Extracting features and labels from images before feeding to a densely connected classifier in Convolutional Network

I am trying to extract features and labels from images and then feed them to a densely connected classifier VGG16. The function to extract features is given below.

from keras.preprocessing.image import ImageDataGenerator

datagen = ImageDataGenerator(rescale=1./255)
batch_size = 30
def extract_features(dataframe,directory, sample_count,x_col,y_col):
  features = np.zeros(shape=(sample_count, 4, 4, 512))
  labels = np.zeros(shape=(sample_count))
  generator = datagen.flow_from_dataframe(dataframe,directory,
  x_col,
  y_col,
  target_size=(150, 150),batch_size=batch_size,class_mode='raw')
  i = 0
  for inputs_batch, labels_batch in generator:
    features_batch = conv_base.predict(inputs_batch)
    features[i * batch_size : (i + 1) * batch_size] = features_batch
    labels[i * batch_size : (i + 1) * batch_size] = labels_batch
    i += 1
    if i * batch_size >= sample_count:
      break
  return features, labels

But when I try

train_features, train_labels = extract_features(dataframe=combined[:790],directory=directory1,x_col='file_name',y_col=target_columns,sample_count=790)
#validation_features, validation_labels = extract_features(combined[790:1002],directory=directory1, sample_count=212)
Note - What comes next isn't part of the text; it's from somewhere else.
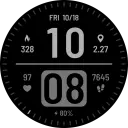 Stay on top of your day with this bold, data-packed digital watch face designed for maximum readability and versatility. It displays the essentials at a glance—time, steps, distance, calories, and heart rate—alongside current weather conditions. Since the Watch Face Format does not provide access to direct calorie or distance data, these values are smart estimations based on your step count and the average user profile. You’ll also enjoy full 12/24-hour support and automatic switching between kilometers and miles depending on whether your phone is set to Celsius or Fahrenheit.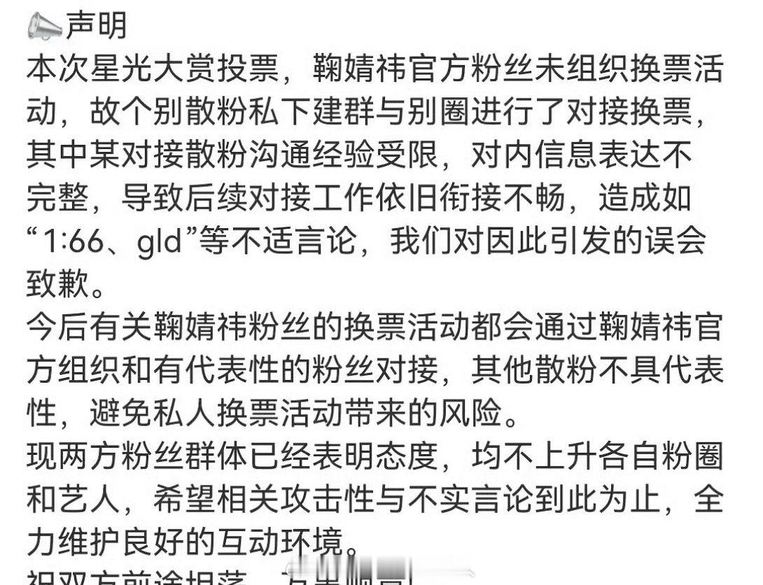 鞠婧祎粉丝和魔道祖师粉丝和解了,彼此发了个声明,这解决问题的速度比内娱很多工作室都快

I get the following error.

Found 790 validated image filenames.

---------------------------------------------------------------------------

ValueError                                Traceback (most recent call last)
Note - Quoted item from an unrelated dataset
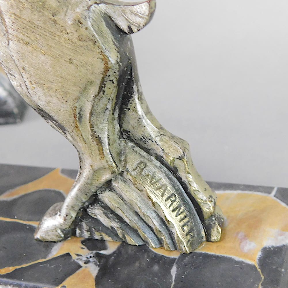 Both signed to the bronze R. Varnier and mounted on portorro marble bases.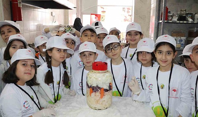 Sivas'ta ilkokul öğrencileri "Lider Çocuk Tarım Kampı Programı" kapsamında tarhana paketleyip turşu yapmayı öğrendiler.

<ipython-input-44-9dd7d3b4ac22> in <module>()
----> 1 train_features, train_labels = extract_features(dataframe=combined[:790],directory=directory1,x_col='file_name',y_col=target_columns,sample_count=790)

<ipython-input-42-c13d7901073d> in extract_features(dataframe, directory, sample_count, x_col, y_col)
     14     features_batch = conv_base.predict(inputs_batch)
     15     features[i * batch_size : (i + 1) * batch_size] = features_batch
---> 16     labels[i * batch_size : (i + 1) * batch_size] = labels_batch
     17     i += 1
     18     if i * batch_size >= sample_count:

ValueError: could not broadcast input array from shape (30,63) into shape (30)

It should be noted that the label and data batch shapes of my data are given below.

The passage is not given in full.